Catholic, all-girls' school in Hong Kong

Canossa College (嘉諾撒書院) is a Catholic, all-girls' school, founded in 1959 in Hong Kong. Canossa College is funded by the Government as a subsidised school.

==History==
- 1890 Canossian Sisters in Italy came to Hong Kong in 1860 and to set up the new Canossian Convent Secondary School in 1890
- 1891 Mr. David Sasson donated 3000 sq. ft. of land in Shaukeiwan to establish the House of Shaukeiwan and a primary school for Chinese children.
- 1932 The primitive House was replaced by a solid three-storey building. The government subsidized Primary School and the Convent, serving pupils of normal sight since 1938.
- 1941–45 Occupied by the Japanese Military government during World War II
- 1950 The school and the convent were returned to the Institute and the Chinese Primary School was restored in 1951.
- 1959 Canossian Convent Secondary School was officiated with an enrolment of 92 students.
- 1984 To cope with the rapid development in the Eastern District of Hong Kong, the school was transferred to the present site. The secondary section of the School was renamed Canossa College and the primary section Canossa School (H.K.).
- 2004 A four-storey wing was erected from the parking area.

==School clubs==
There are 42 clubs in total. Form one to form five students are required to participate in at least one extra-curricular activity (either an academic club, a sports team or an instrument class) and at most four clubs. Catholic students are required to attend events organised by the Religious Affairs Club on top of meetings of other clubs.

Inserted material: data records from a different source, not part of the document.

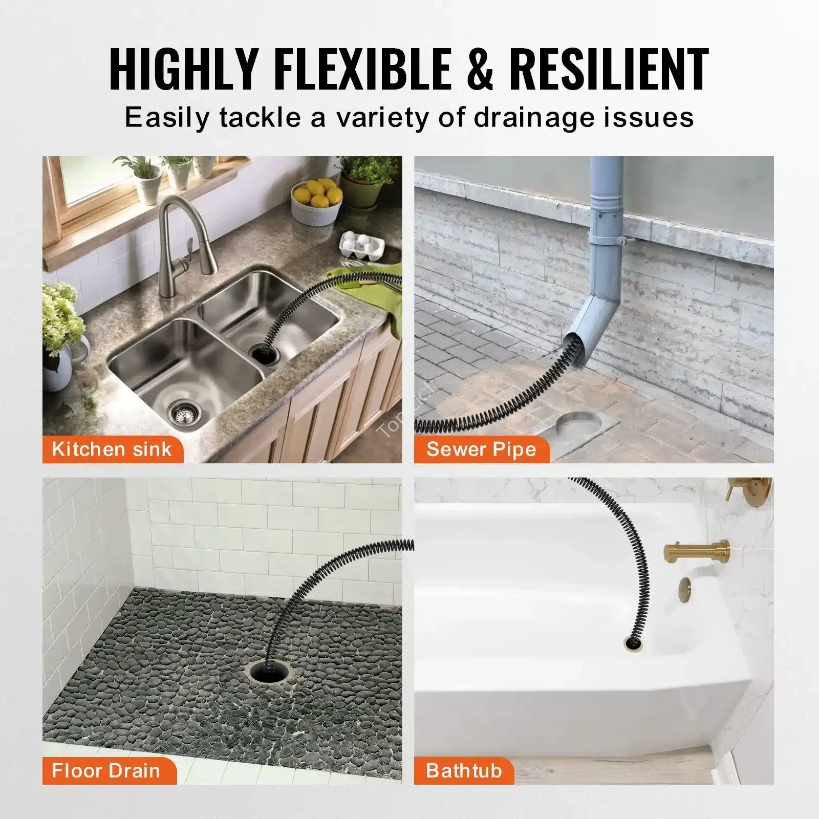 • Skirta Dideliems Vamzdžiams: Sukurta efektyviam valymui vamzdžiuose, kurių skersmuo siekia iki mm! Idealus pasirinkimas dideliems nuotekų vamzdynams namuose, biuruose ar viešosiose erdvėse.
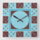 Quirky, funky retro fun clock featuring geometric grid pattern plaid in clean modern lines of alternating squares of cool chocolate brown and whimsical sky blue, accented with coordinating circles.. A trendy, chic and stylish addition to make your home, dorm or office bright and cheery.
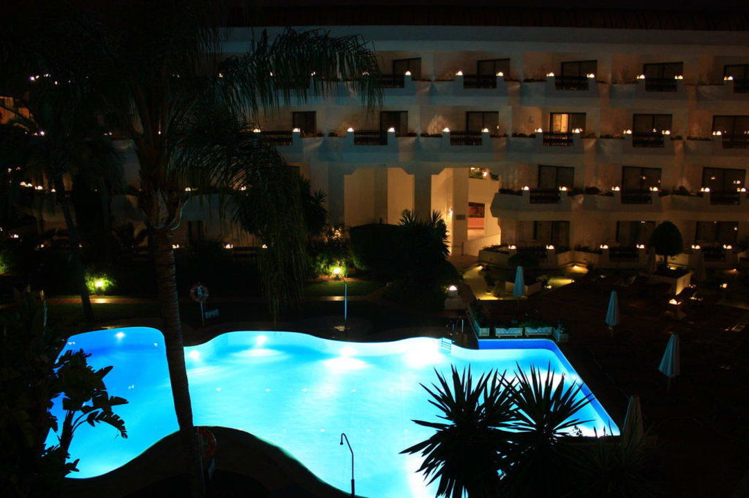Zimmerausblick auf den beleuchteten Pool bei Nacht
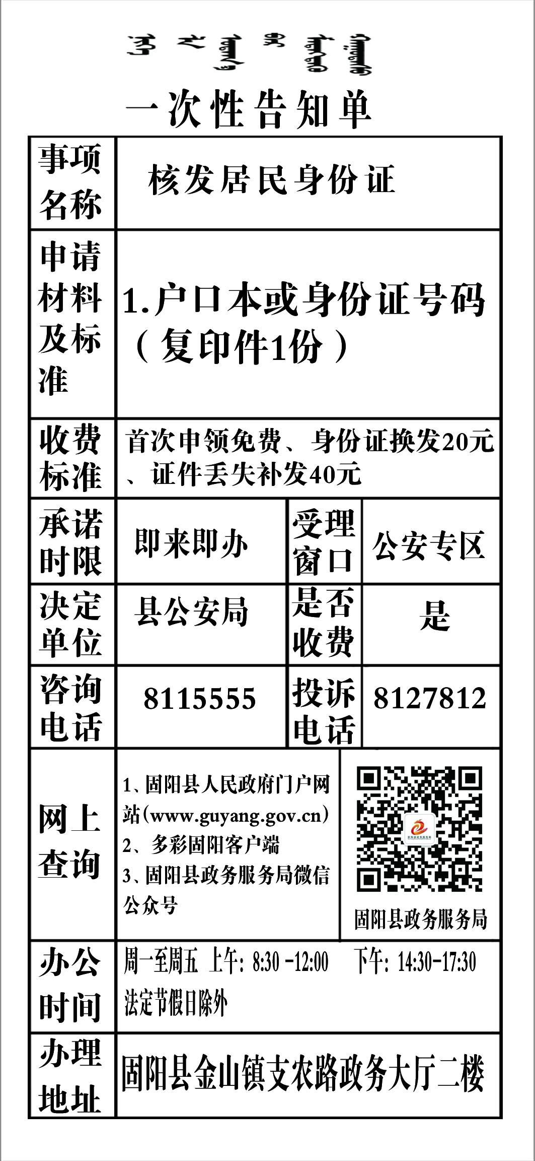 政务服务事项告知单
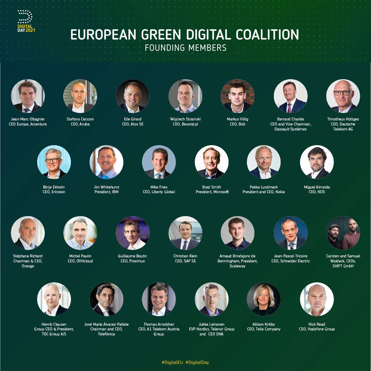 Tra i firmatari, oltre a Stefano Cecconi per l’italiana Aruba, si segnalano i CEO Accenture, Deutsche Telekom, IBM, Ericsson, Microsoft, Nokia, Orange, OVHcloud, SAP, Schneider Electric e Vodafone.
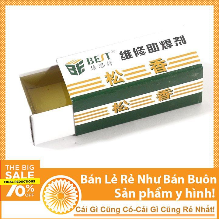 - 01 Nhựa thông hộp: Là một chất xúc tác giúp cho quá trình hàn được dễ dàng hơn do khi bị đun nóng nhựa thông phân hủy ra một chất có tính acid có tính tẩy bề mặt cần hàn. Nhựa thông còn làm giảm sức căng bề mặt của thiếc hàn do đó giúp thiếc hàn bám vào mối hàn mịn hơn. làm cho thiếc dính ướt, bám vào bề mặt hàn, giúp mối hàn cách ly với môi trườngxung quanh như nhiệt độ, oxy, độ ẩm...
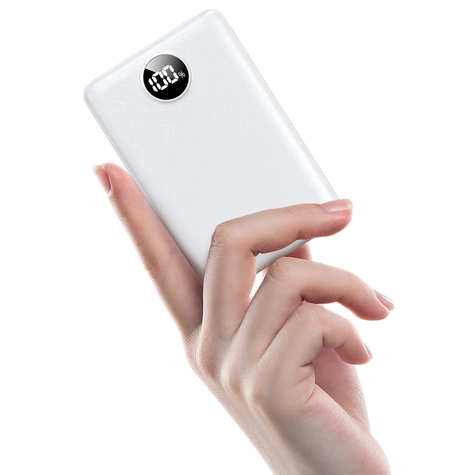 * 【軽量化と美観化の一体設計·持ち運び簡単】本体にLED液晶ディスプレイを搭載しており、残量を1%刻みで表示できるので、ボタンを押すと電池残量が一目で確認できます。充電のタイミングを把握するのに便利で、使うときにバッテリーの残量が無いといった不安を解消します。シンプルで男女問わず、誰でも使いやすいデザイン。実用性にも優れているので、友人や家族へのプレゼントにも喜ばれるでしょう。又は、厚さわずか1.6cm、縦10.6cm×幅9.6cmの超薄型、スマホと重ねて持っても負担にならないほどコンパクトで、サコッシュやハンドバッグなど小さなカバンにも仕舞いやすいサイズです。重量も約170gと軽量なので、持ち運びの際に負担を感じることはほとんどないでしょう。豊富な機能に加え、本体表面には傷がつきにくい「テクスチャ加工」が施されており、携帯電話と一緒に使用しても滑りや損傷からデバイスを保護できます。持ち運びやすく機能性も豊富で、スマホ用はもちろんイヤホンのモバイルバッテリーがほしい人にもおすすめの製品です。
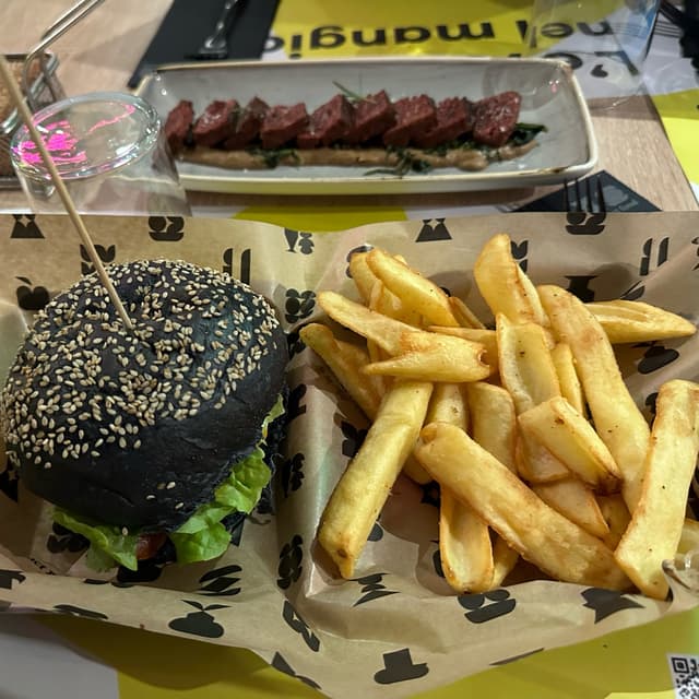 Panino nero con Beyond burger, bacon grigliata, pomodoro, insalata e salsa bbq. Purtroppo il panino è arrivato freddo e risultava gommoso. Il condimento invece è molto buono.
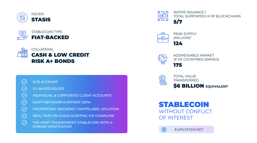 EURS is a blue-ribbon asset among stablecoins, originated in the heart of EU fintech production—Malta. Over time, STASIS has become one of the largest non-USD stablecoin issuers, with EURS products reaching a whopping $6B+ of transferred value to date.

| Language | Academics | Sports | Uniform | Others | Services |
| Chinese Society | Science Society | Sports Association | Girl Guides | Arts Society | Civic Ambassadors Assembly |
| English Society | Mathematics Society | Badminton Team | Red Cross | Cookery Club | National Ambassadors Club |
| Putonghua Society |  | Swimming Team |  | Computer Society | Community Youth Club |
| Chinese Debate Society |  | Table Tennis Team |  | Photography Club | Foster Prefects |
| English Debate Society |  | Tennis Team |  | Make-up Class | Library Prefects |
| The Breeze (Chinese) (School press) |  | Trampoline Team |  | English Drama Club | Discipline Prefects |
| The Breeze (English) (School press) |  | Volleyball Team |  | Junior Police Call | Student Union |
|  |  | Houses |  | Bridge Club | Religious Affairs Committee |
|  |  |  |  | Japanese Culture Club |

Club committees are either appointed by teachers or elected by club members on the first meeting.

Eighty-percent of attendance is required or ranking will not be shown on students' report card.